Data for this task>
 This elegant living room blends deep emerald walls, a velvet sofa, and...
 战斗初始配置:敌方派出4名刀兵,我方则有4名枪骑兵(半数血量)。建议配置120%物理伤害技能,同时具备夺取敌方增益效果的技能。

---

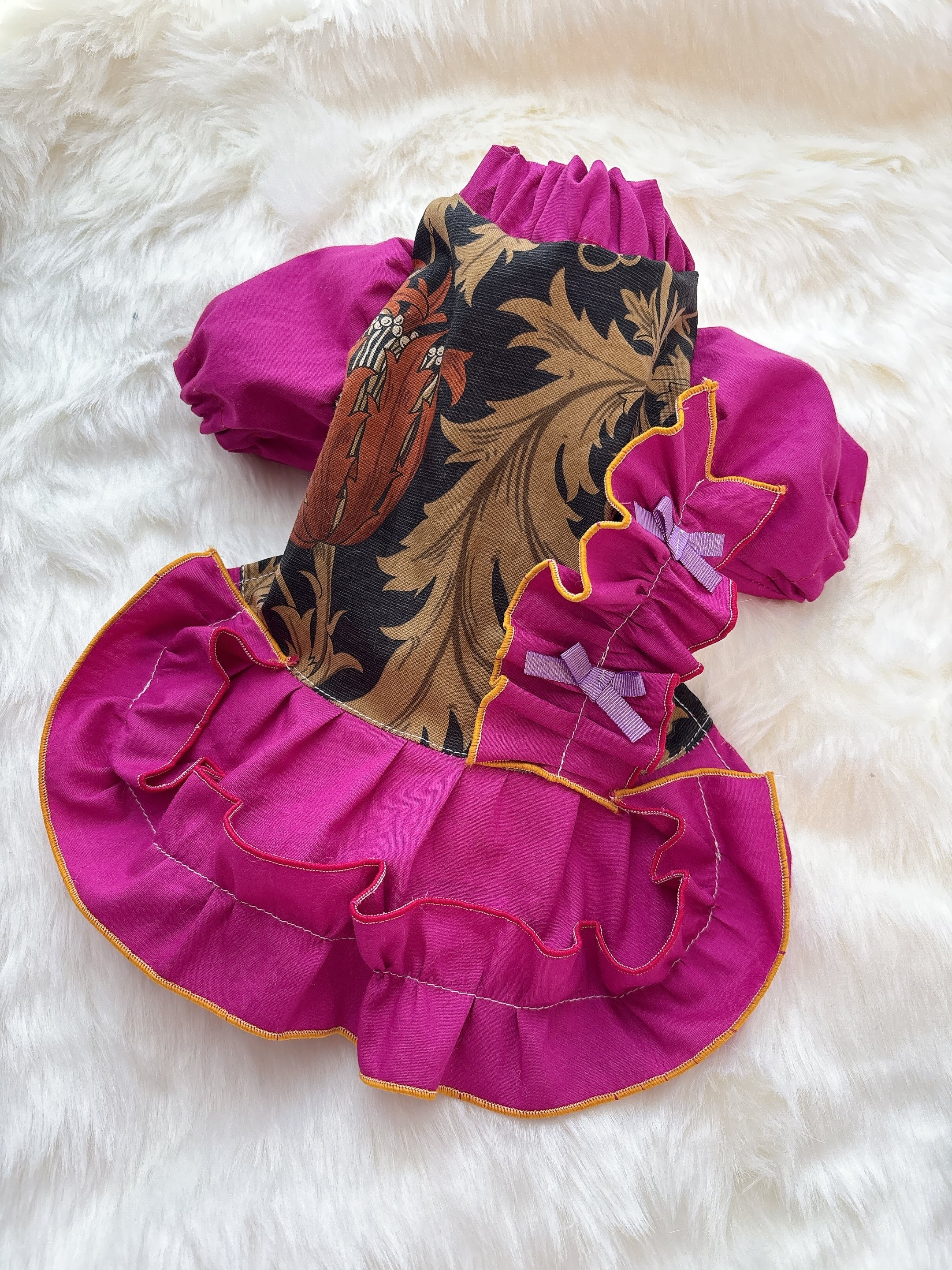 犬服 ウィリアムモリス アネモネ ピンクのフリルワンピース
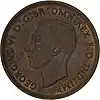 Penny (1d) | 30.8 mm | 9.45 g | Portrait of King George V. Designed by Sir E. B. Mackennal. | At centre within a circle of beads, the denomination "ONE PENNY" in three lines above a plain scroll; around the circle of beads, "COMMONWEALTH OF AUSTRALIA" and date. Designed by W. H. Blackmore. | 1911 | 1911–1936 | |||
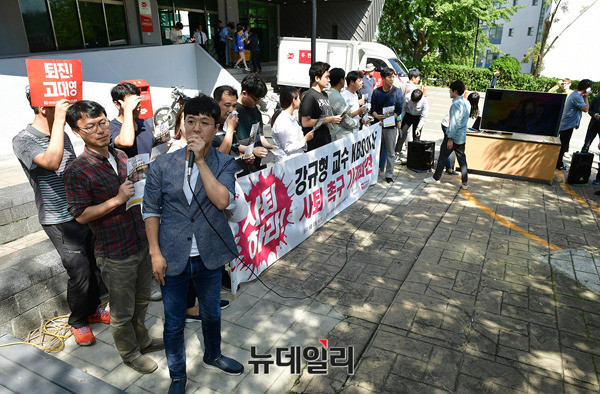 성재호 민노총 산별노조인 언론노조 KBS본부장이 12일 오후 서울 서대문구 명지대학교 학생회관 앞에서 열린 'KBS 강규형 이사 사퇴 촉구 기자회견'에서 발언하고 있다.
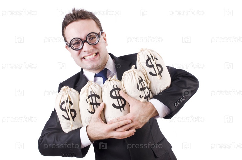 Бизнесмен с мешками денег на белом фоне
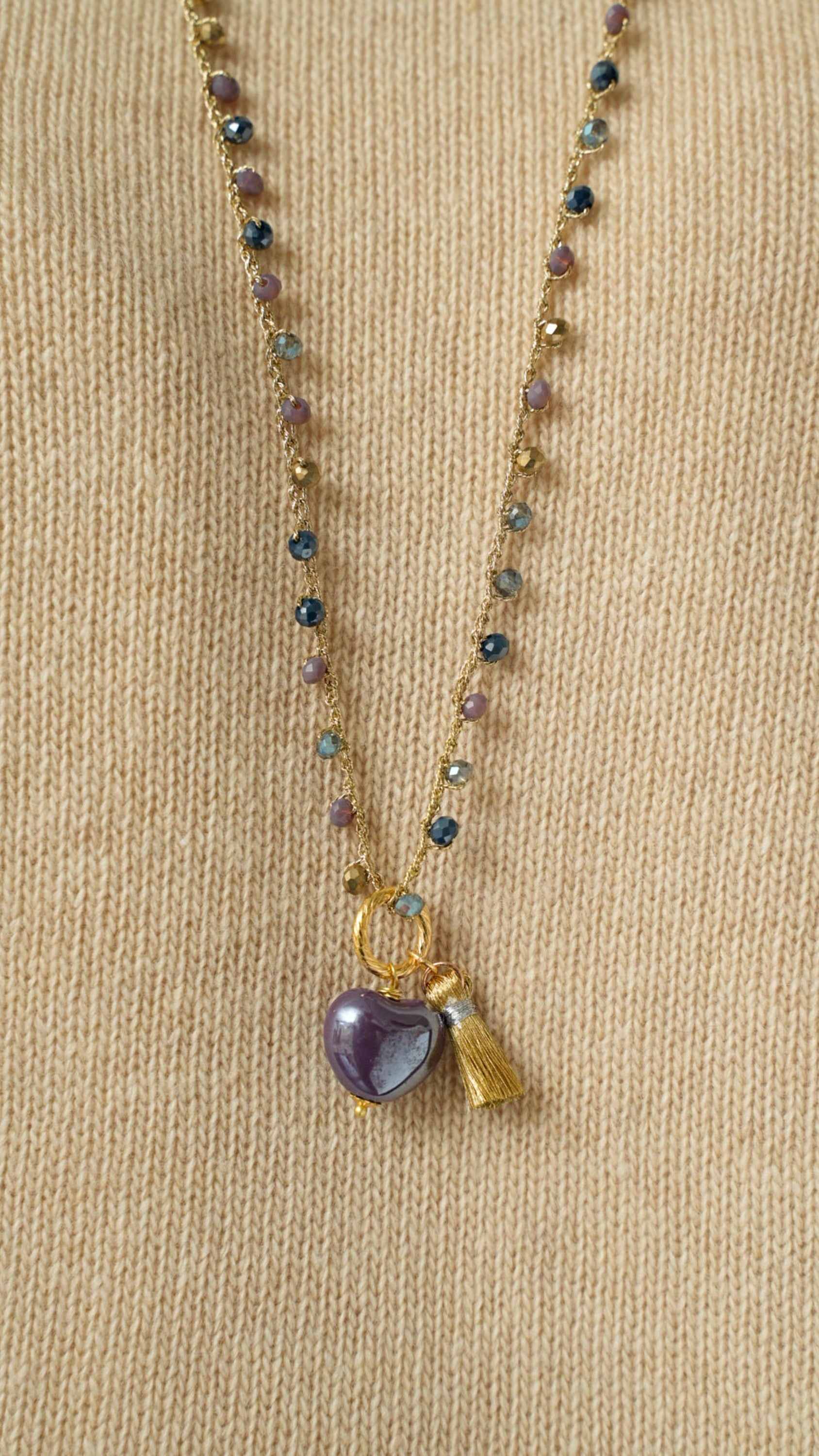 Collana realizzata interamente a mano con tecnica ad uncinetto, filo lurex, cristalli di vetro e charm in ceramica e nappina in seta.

What to do>
Copy the stretch of the records above that runs from the line with "This elegant living" through the line with "战斗初始配置:敌方派出4名刀". Both end lines belong in the copy, and nothing else does.

Exercise response>
 This elegant living room blends deep emerald walls, a velvet sofa, and...
 战斗初始配置:敌方派出4名刀兵,我方则有4名枪骑兵(半数血量)。建议配置120%物理伤害技能,同时具备夺取敌方增益效果的技能。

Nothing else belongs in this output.